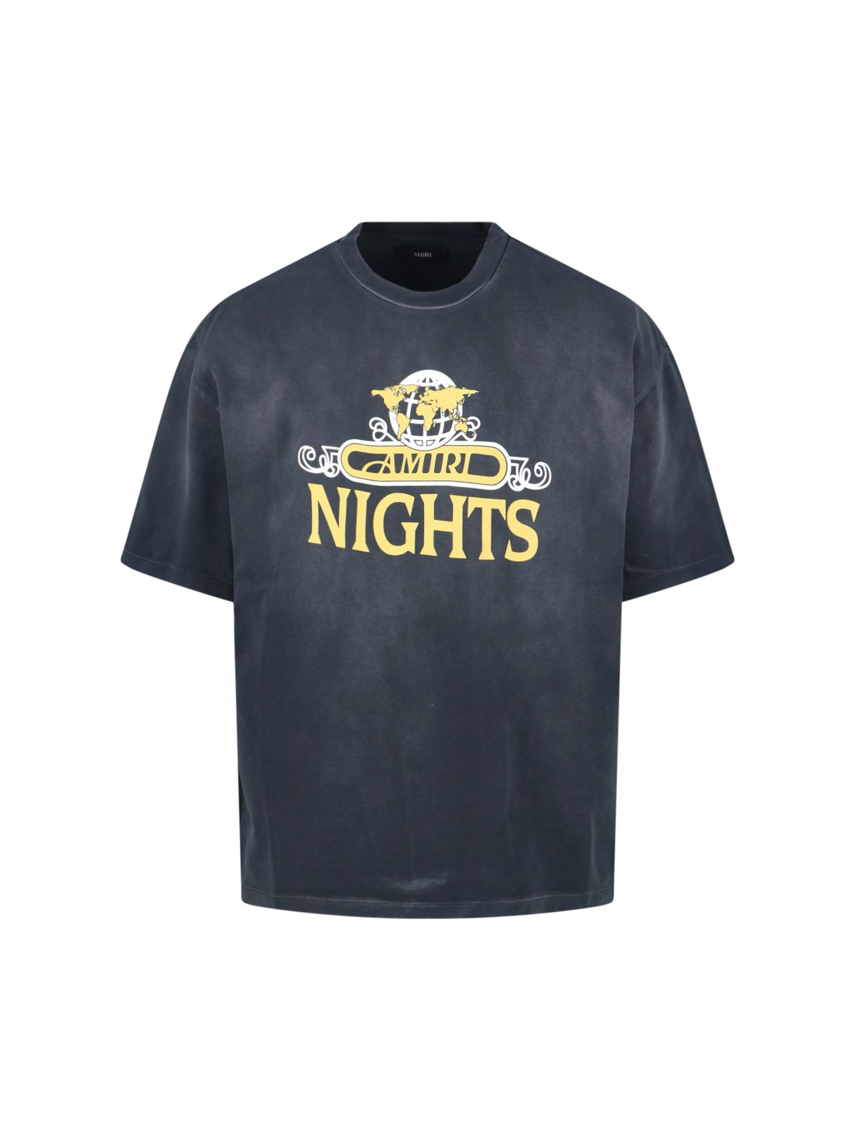 AMIRI 'NIGHTS' LOGO T-SHIRT IN BLACK COTTON WITH DISTRESSED WASH, CREW NECK, RIBBED TRIMS, DROPPED SHOULDERS, SHORT SLEEVES, CONTRAST MAXI LOGO PRINT ON THE FRONT AND BACK, STRAIGHT HEM. PRODUCT INFO PRODUCT CODE AMJYTE1207BLACK COMPOSITION: 100% COTTON SIZE AND FIT: OVERSIZED FIT MADE IN: ITALY
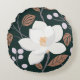 Magnolia Whisper Deep Grönt Brown Round Pillow Rund Kudde
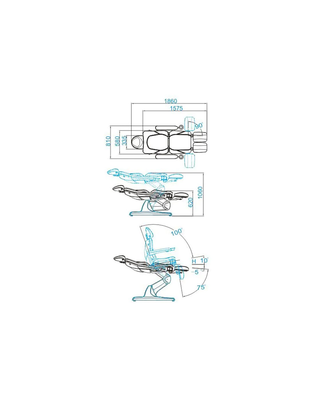L'ampia gamma di regolazioni elettriche verso l'alto e verso il basso consente di adattare l'altezza della poltrona all'altezza della persona che esegue il trattamento e al tipo di trattamento.
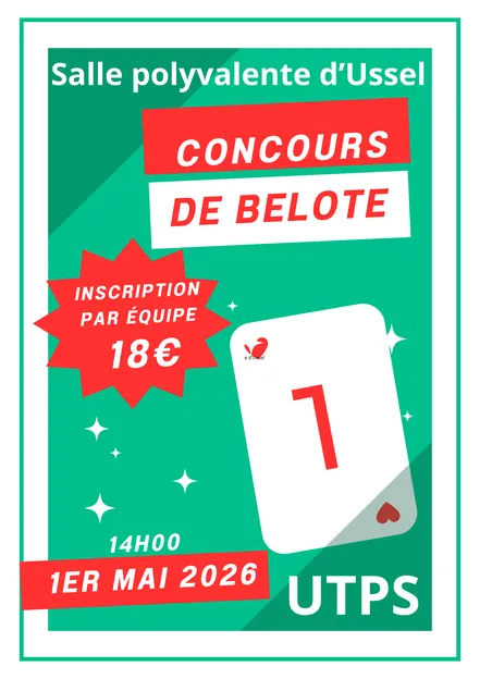 L'association "Un temps pour soi" organise un concours de belote à la salle polyvalente d'Ussel.
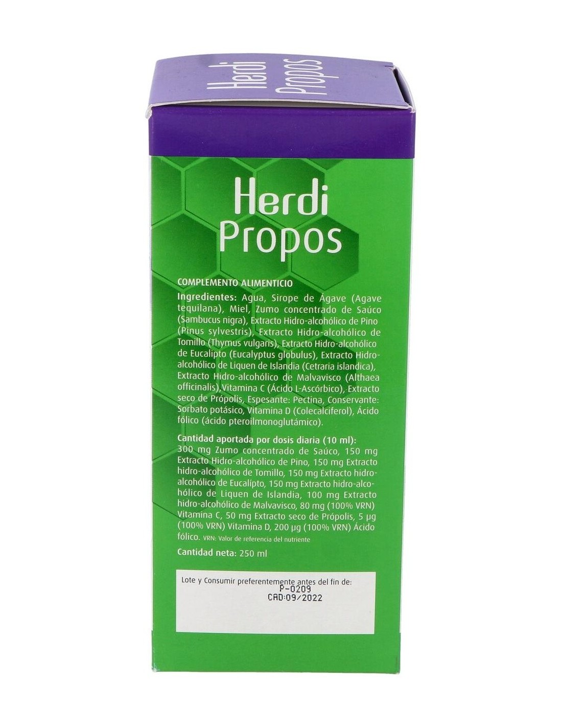 Fructosa, Agua, Extracto Hidro-alcohólico de Pino (Pinus sylvestris), Extracto Hidro alcohólico de Tomillo (Thymus vulgaris), Extracto Hidro-alcohólico de Eucalipto (Eucalyptus globulus), Extracto Hidro-alcohólico de Liquen de Islandia (Cetraria islandica), Extracto Hidro-alcohólico de Malvavisco (Althaea officinalis), Vitamina C (Ácido L-Ascórbico), Extracto seco de Própolis, Espesante: Pectina, Conservante: Sorbato potasio.
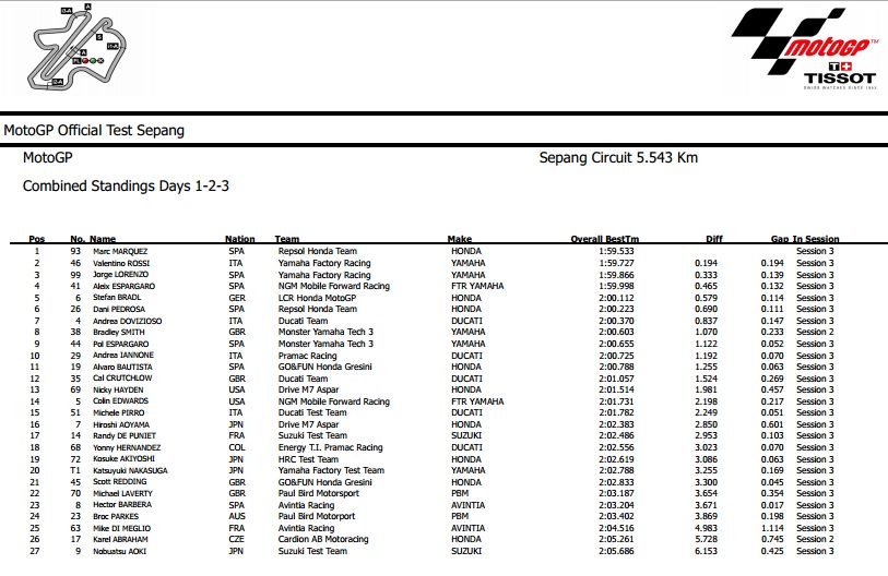 Prvo ime testiranja bio je aktualni svjetski prvak Marc Marquez, koji je se prvi spustio ispod 2 minute te se sva tri dana nije skidao s vrha poretka. Posljednjeg dana je ujutro postigao vrijeme od 1:59.533 i tako skinuo dosadašnji Stonerov rekord s tradicionalnih zimskih testiranja u Sepangu, da bi poslije podne odradio 15 uzastopnih krugova ispod oznake 2:01.
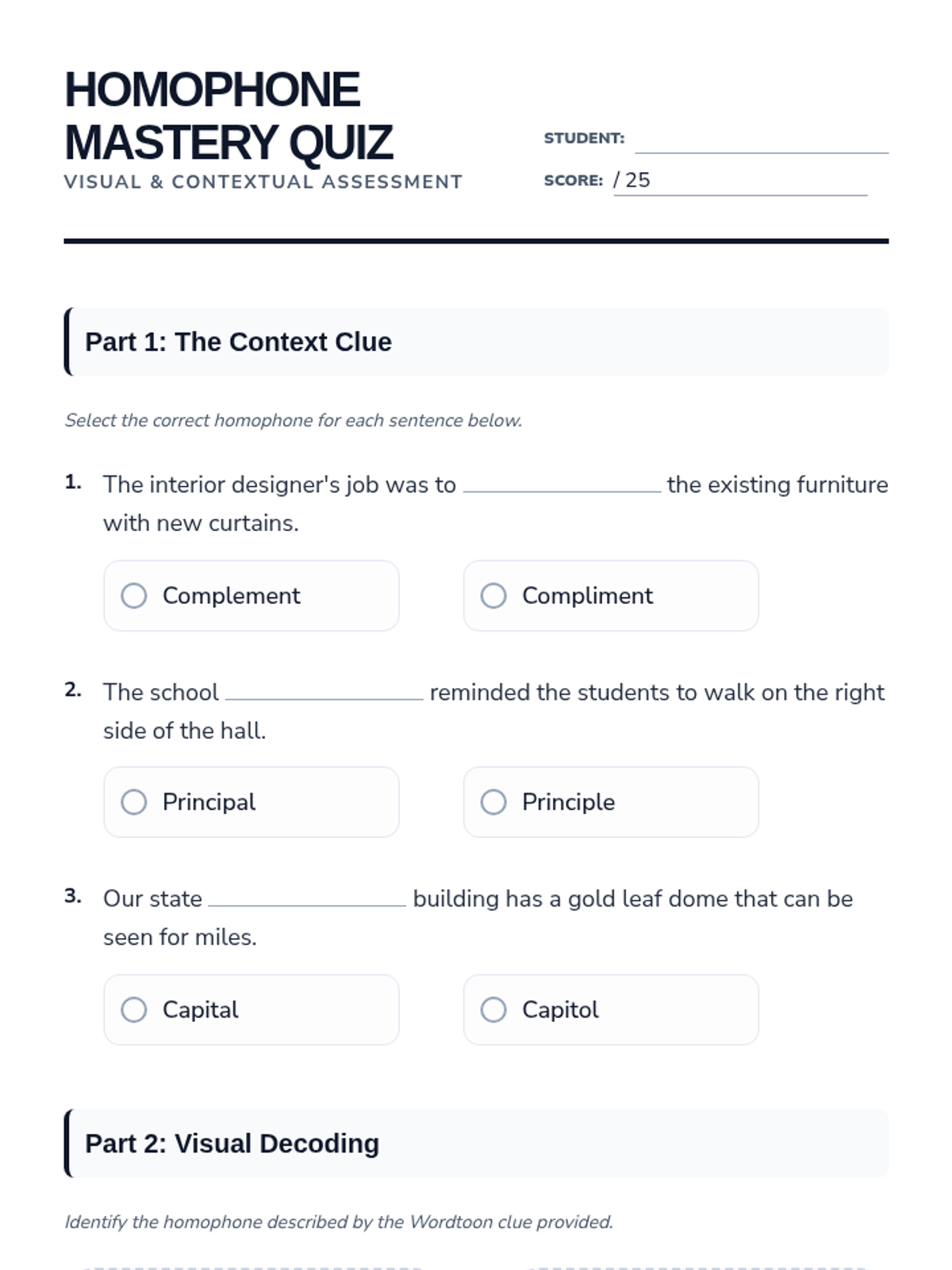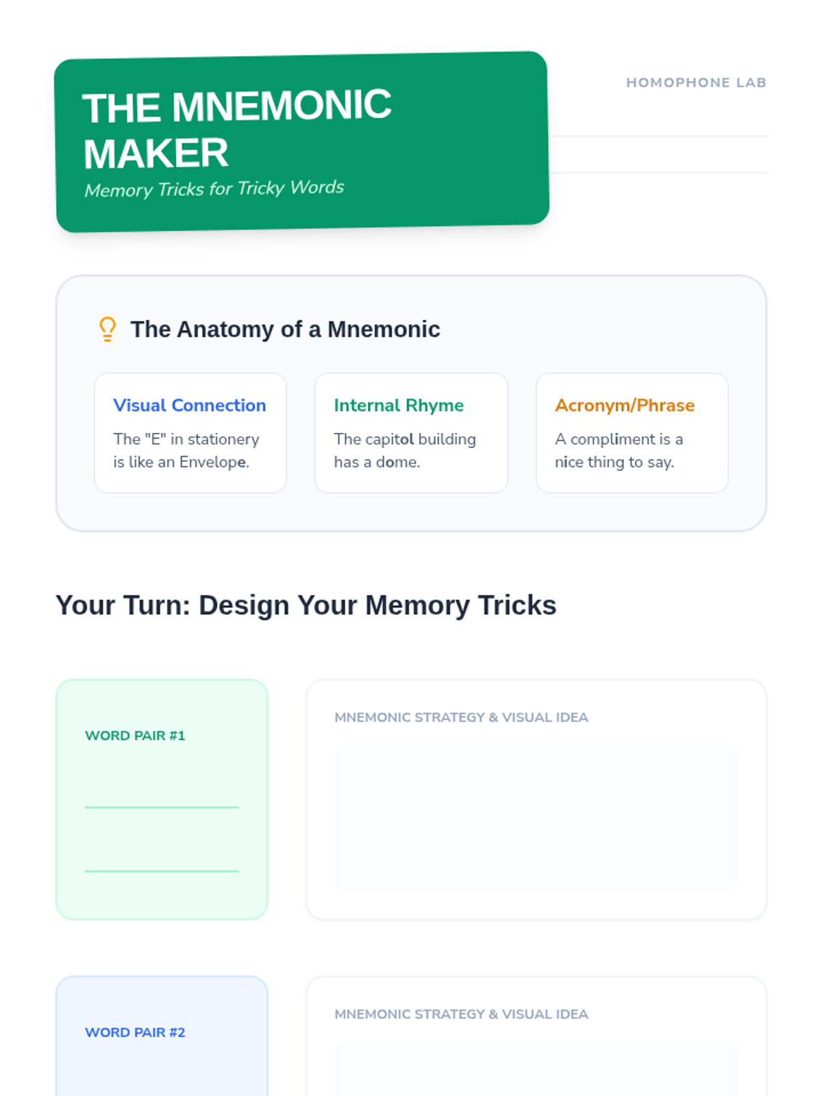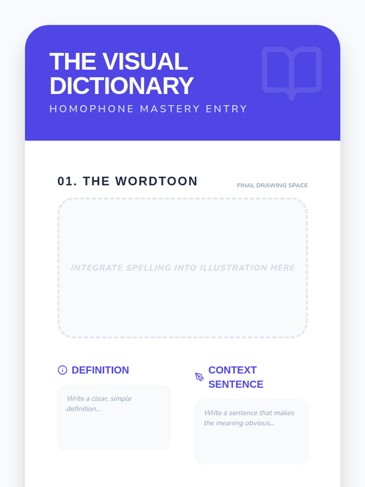 A project-based ELA sequence for 6th graders to master complex homophones through visual associations, etymology, and mnemonic devices. Students move from diagnosing personal errors to creating a collaborative visual dictionary.
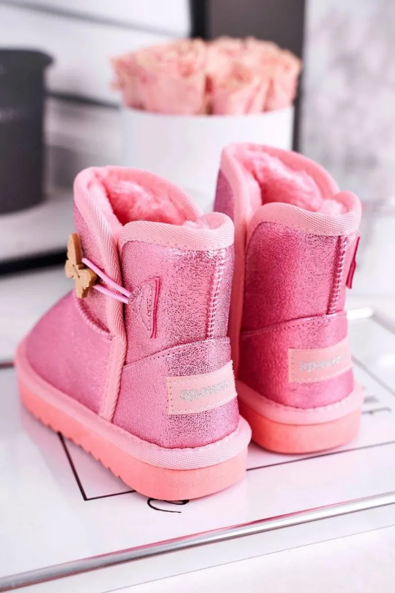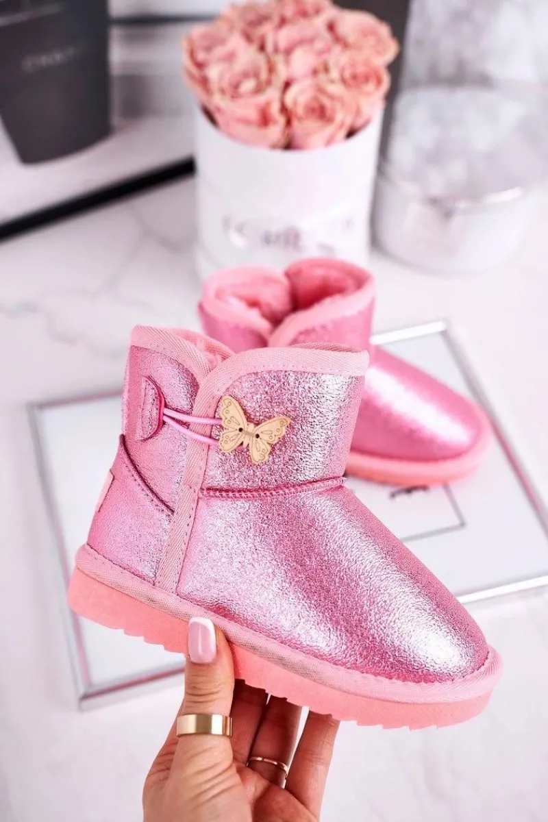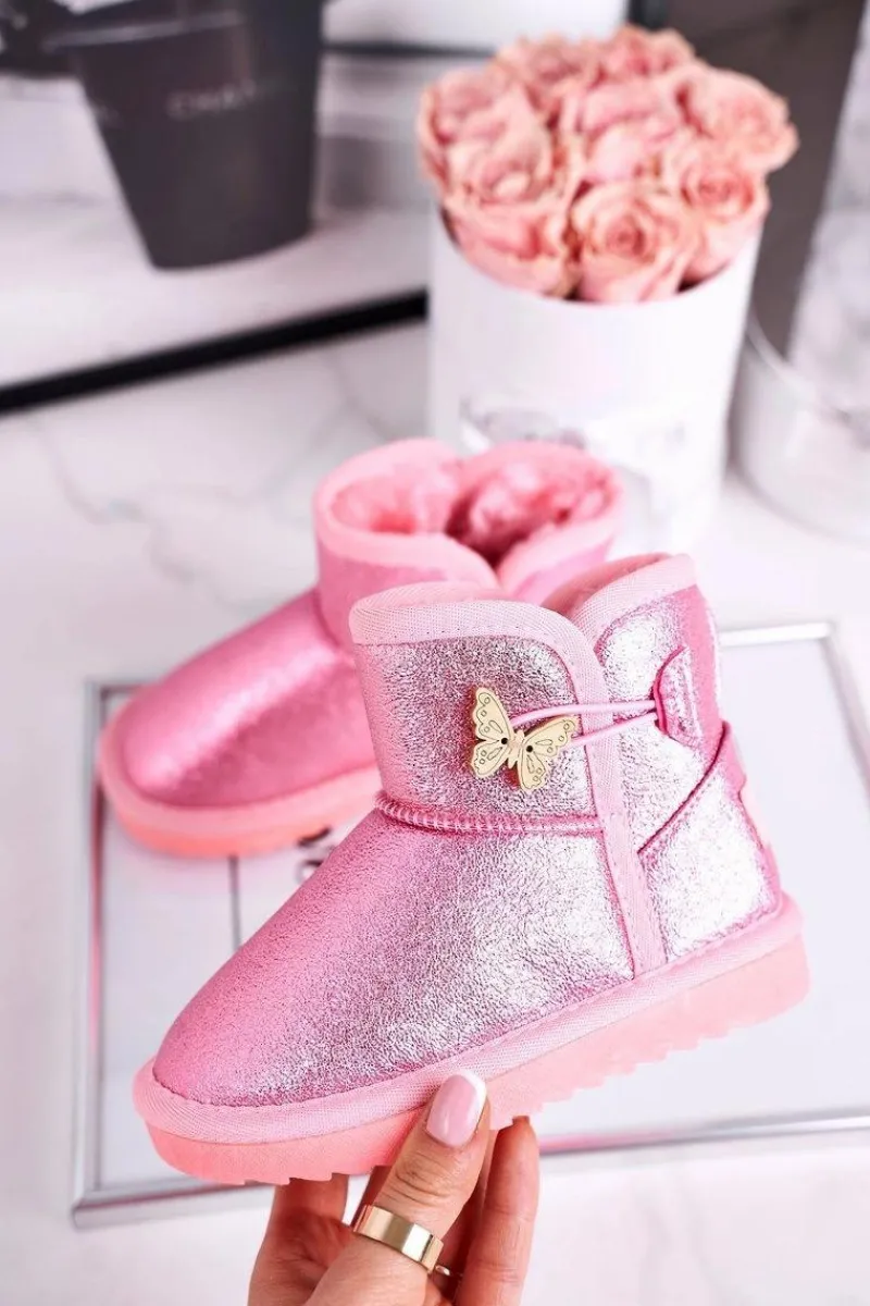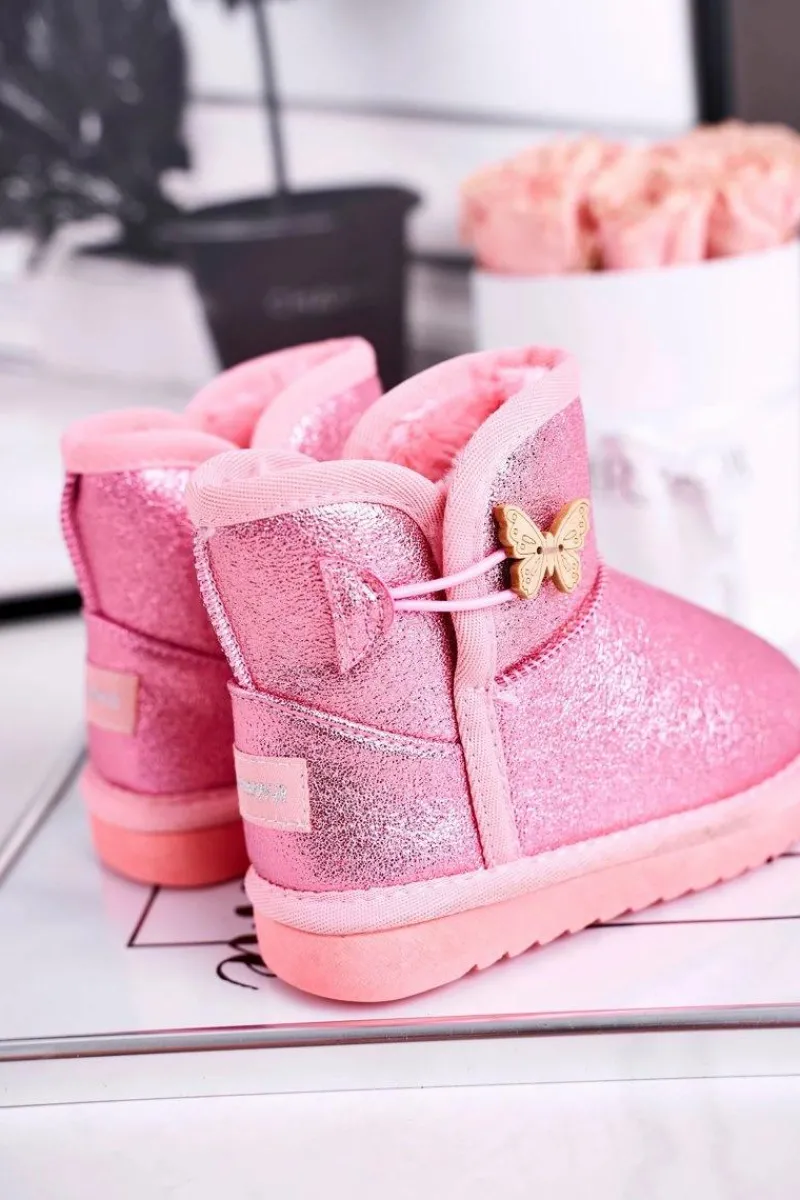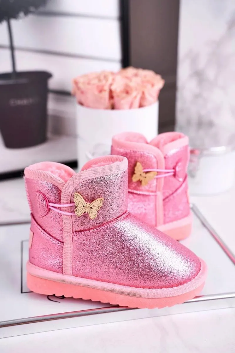 Clearance Ocieplane dziecięce botki śniegowce z motylkiem różowe Cosmic Dzieci Dziewczęce

====

> **Task to complete**:
Among the entries above, locate the line with "Magnolia Whisper Deep" and the line with "Fructosa, Agua, Extracto". Give those two lines and all lines between them again, exactly, leaving out the pictures.

> **Answer to the problem**:
 Magnolia Whisper Deep Grönt Brown Round Pillow Rund Kudde
L'ampia gamma di regolazioni elettriche verso l'alto e verso il basso consente di adattare l'altezza della poltrona all'altezza della persona che esegue il trattamento e al tipo di trattamento.
 L'association "Un temps pour soi" organise un concours de belote à la salle polyvalente d'Ussel.
 Fructosa, Agua, Extracto Hidro-alcohólico de Pino (Pinus sylvestris), Extracto Hidro alcohólico de Tomillo (Thymus vulgaris), Extracto Hidro-alcohólico de Eucalipto (Eucalyptus globulus), Extracto Hidro-alcohólico de Liquen de Islandia (Cetraria islandica), Extracto Hidro-alcohólico de Malvavisco (Althaea officinalis), Vitamina C (Ácido L-Ascórbico), Extracto seco de Própolis, Espesante: Pectina, Conservante: Sorbato potasio.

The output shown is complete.